**Assignment:** Copy everything in the records exactly; the pictures stay out.

*** Opening Entries provided ***

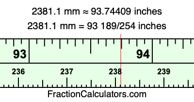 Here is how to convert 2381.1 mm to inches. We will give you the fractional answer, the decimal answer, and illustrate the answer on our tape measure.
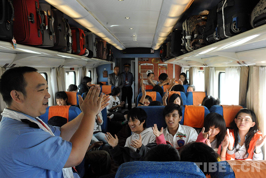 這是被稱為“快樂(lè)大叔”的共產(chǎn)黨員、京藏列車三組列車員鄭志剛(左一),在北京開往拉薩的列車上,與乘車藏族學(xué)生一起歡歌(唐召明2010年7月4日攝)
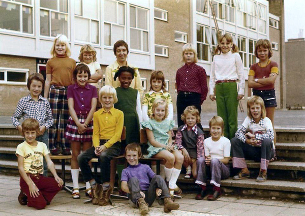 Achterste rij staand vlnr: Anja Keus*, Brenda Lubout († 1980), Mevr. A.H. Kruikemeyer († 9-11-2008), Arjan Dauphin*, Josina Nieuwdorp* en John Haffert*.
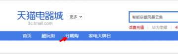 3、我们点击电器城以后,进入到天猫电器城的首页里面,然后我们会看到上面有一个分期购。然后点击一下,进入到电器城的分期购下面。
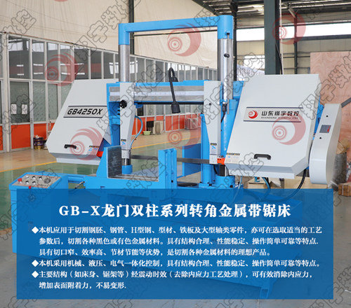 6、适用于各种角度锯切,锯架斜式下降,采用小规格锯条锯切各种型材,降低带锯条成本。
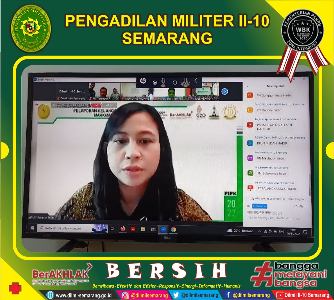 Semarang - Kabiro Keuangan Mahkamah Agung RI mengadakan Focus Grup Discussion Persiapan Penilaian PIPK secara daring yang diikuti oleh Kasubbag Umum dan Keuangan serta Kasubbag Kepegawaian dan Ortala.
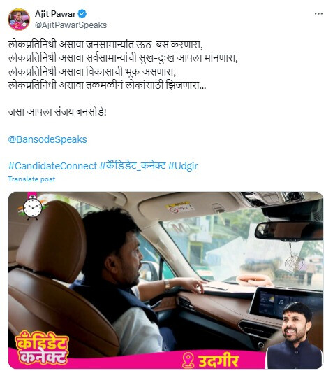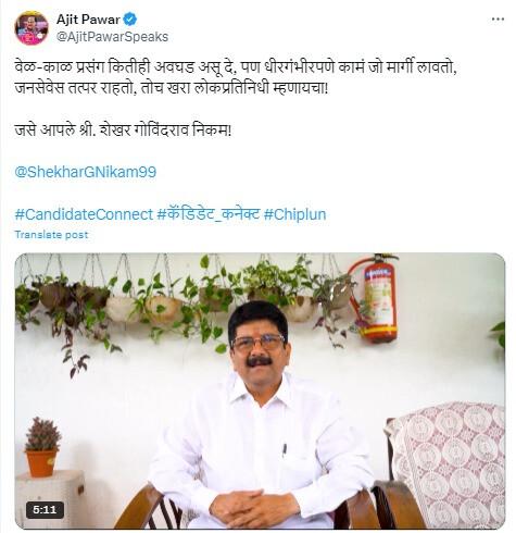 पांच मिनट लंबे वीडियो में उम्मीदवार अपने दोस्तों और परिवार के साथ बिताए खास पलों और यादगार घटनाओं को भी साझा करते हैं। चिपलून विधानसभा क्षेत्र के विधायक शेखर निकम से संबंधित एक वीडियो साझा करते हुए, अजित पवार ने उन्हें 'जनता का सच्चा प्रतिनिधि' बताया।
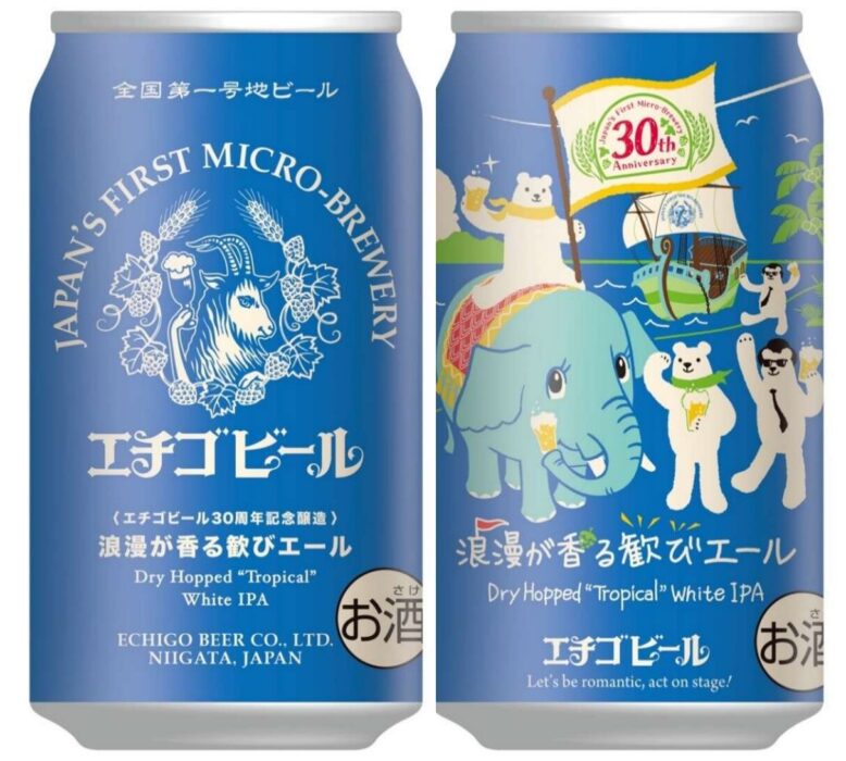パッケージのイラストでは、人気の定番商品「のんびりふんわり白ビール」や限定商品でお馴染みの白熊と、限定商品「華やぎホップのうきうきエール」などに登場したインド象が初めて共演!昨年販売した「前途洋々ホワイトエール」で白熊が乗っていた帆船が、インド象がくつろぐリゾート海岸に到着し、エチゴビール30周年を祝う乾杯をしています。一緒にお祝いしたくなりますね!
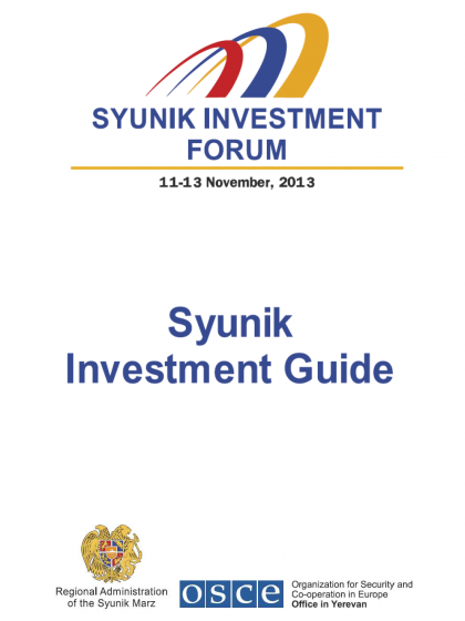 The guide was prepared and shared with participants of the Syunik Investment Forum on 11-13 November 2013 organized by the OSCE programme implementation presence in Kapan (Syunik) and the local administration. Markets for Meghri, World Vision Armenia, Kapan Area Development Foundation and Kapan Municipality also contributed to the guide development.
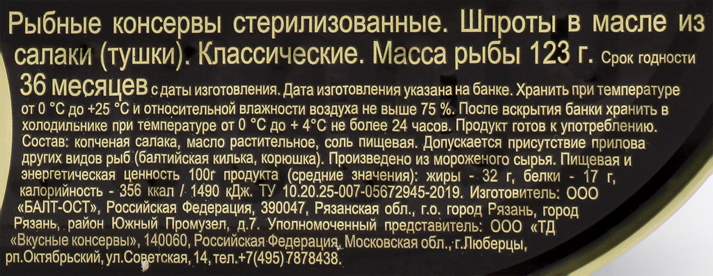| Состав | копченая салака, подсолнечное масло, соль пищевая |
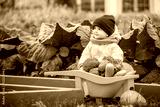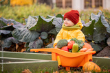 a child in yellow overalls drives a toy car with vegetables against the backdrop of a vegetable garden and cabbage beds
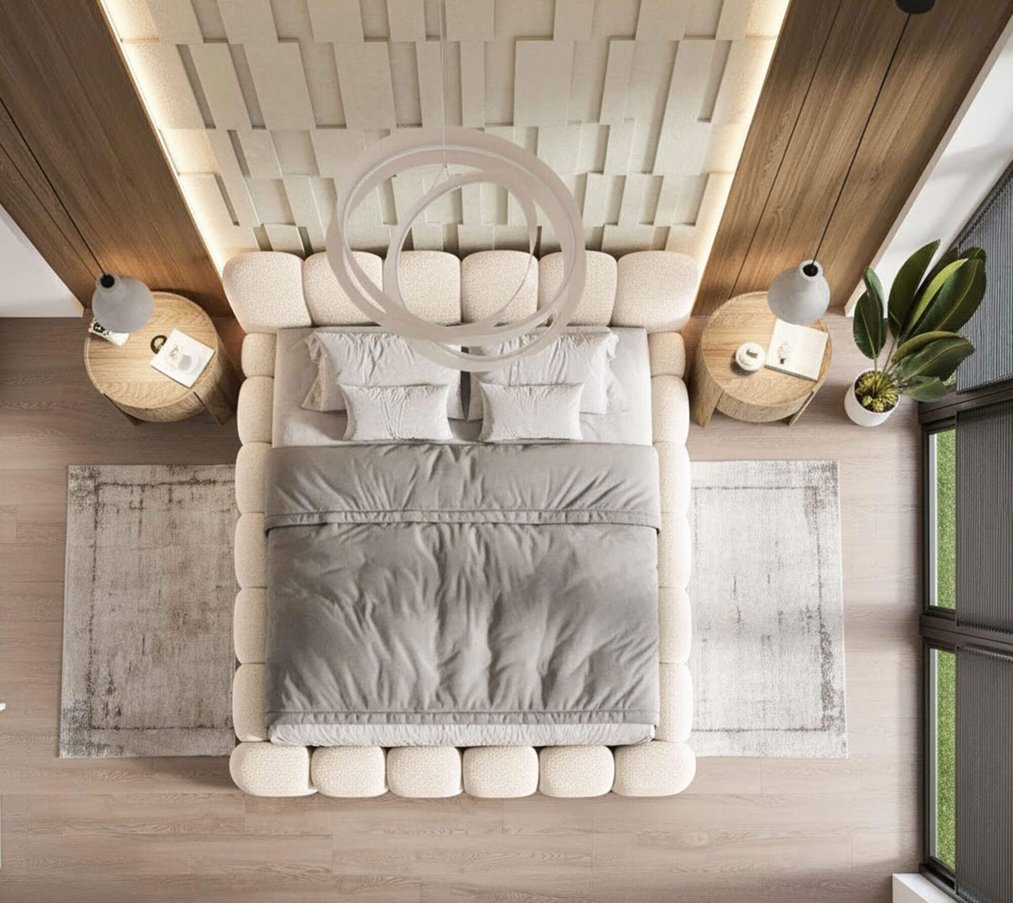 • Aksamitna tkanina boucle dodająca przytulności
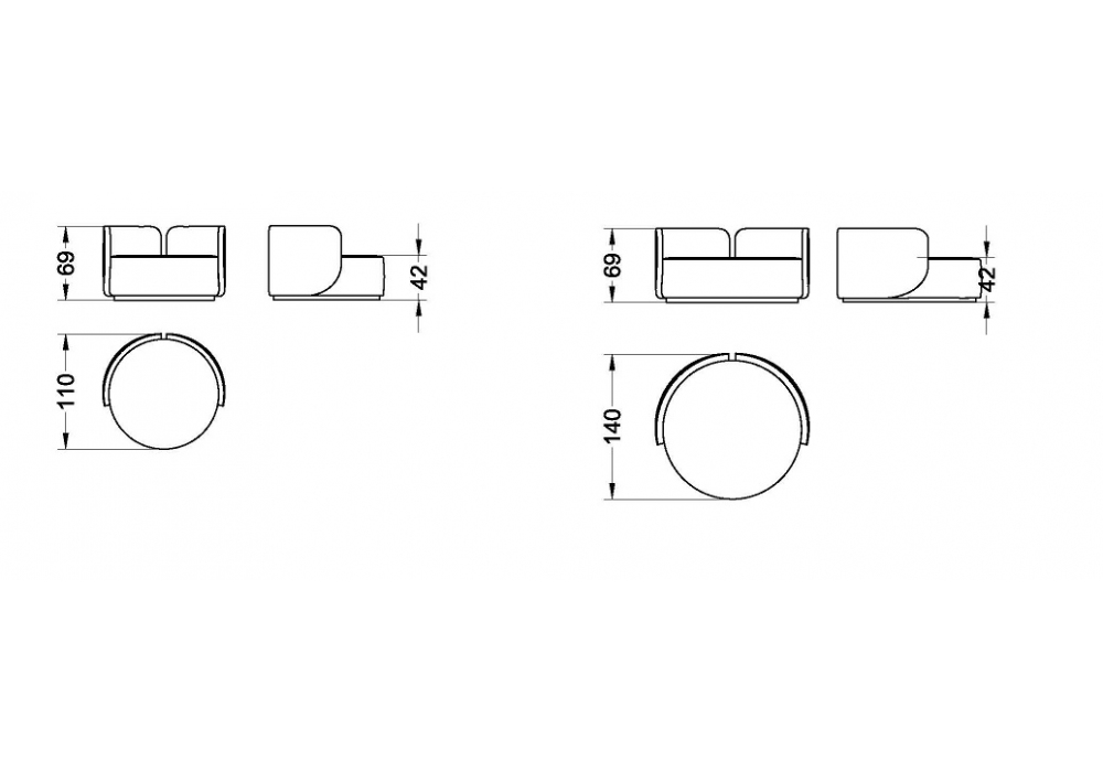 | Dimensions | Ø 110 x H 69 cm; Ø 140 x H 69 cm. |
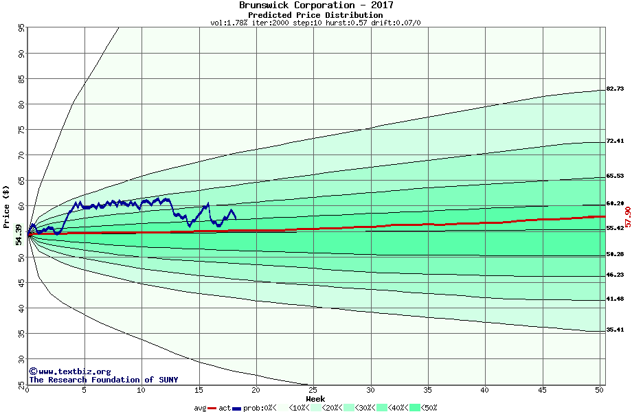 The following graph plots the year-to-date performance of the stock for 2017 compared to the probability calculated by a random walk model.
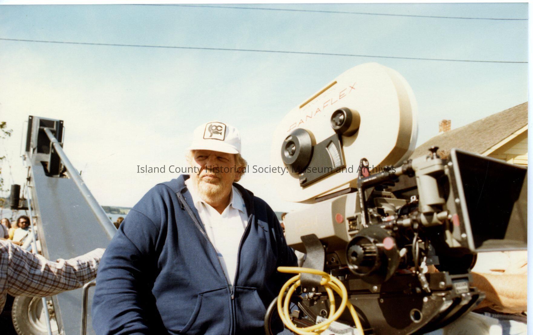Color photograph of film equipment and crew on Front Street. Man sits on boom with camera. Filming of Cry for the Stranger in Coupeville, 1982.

*** Closing Entries provided ***

**Answer to this exercise:**
 Here is how to convert 2381.1 mm to inches. We will give you the fractional answer, the decimal answer, and illustrate the answer on our tape measure.
 這是被稱為“快樂(lè)大叔”的共產(chǎn)黨員、京藏列車三組列車員鄭志剛(左一),在北京開往拉薩的列車上,與乘車藏族學(xué)生一起歡歌(唐召明2010年7月4日攝)
 Achterste rij staand vlnr: Anja Keus*, Brenda Lubout († 1980), Mevr. A.H. Kruikemeyer († 9-11-2008), Arjan Dauphin*, Josina Nieuwdorp* en John Haffert*.
 3、我们点击电器城以后,进入到天猫电器城的首页里面,然后我们会看到上面有一个分期购。然后点击一下,进入到电器城的分期购下面。
 6、适用于各种角度锯切,锯架斜式下降,采用小规格锯条锯切各种型材,降低带锯条成本。
 Semarang - Kabiro Keuangan Mahkamah Agung RI mengadakan Focus Grup Discussion Persiapan Penilaian PIPK secara daring yang diikuti oleh Kasubbag Umum dan Keuangan serta Kasubbag Kepegawaian dan Ortala.
 पांच मिनट लंबे वीडियो में उम्मीदवार अपने दोस्तों और परिवार के साथ बिताए खास पलों और यादगार घटनाओं को भी साझा करते हैं। चिपलून विधानसभा क्षेत्र के विधायक शेखर निकम से संबंधित एक वीडियो साझा करते हुए, अजित पवार ने उन्हें 'जनता का सच्चा प्रतिनिधि' बताया।
パッケージのイラストでは、人気の定番商品「のんびりふんわり白ビール」や限定商品でお馴染みの白熊と、限定商品「華やぎホップのうきうきエール」などに登場したインド象が初めて共演!昨年販売した「前途洋々ホワイトエール」で白熊が乗っていた帆船が、インド象がくつろぐリゾート海岸に到着し、エチゴビール30周年を祝う乾杯をしています。一緒にお祝いしたくなりますね!
 The guide was prepared and shared with participants of the Syunik Investment Forum on 11-13 November 2013 organized by the OSCE programme implementation presence in Kapan (Syunik) and the local administration. Markets for Meghri, World Vision Armenia, Kapan Area Development Foundation and Kapan Municipality also contributed to the guide development.
| Состав | копченая салака, подсолнечное масло, соль пищевая |
 a child in yellow overalls drives a toy car with vegetables against the backdrop of a vegetable garden and cabbage beds
 • Aksamitna tkanina boucle dodająca przytulności
 | Dimensions | Ø 110 x H 69 cm; Ø 140 x H 69 cm. |
 The following graph plots the year-to-date performance of the stock for 2017 compared to the probability calculated by a random walk model.
Color photograph of film equipment and crew on Front Street. Man sits on boom with camera. Filming of Cry for the Stranger in Coupeville, 1982.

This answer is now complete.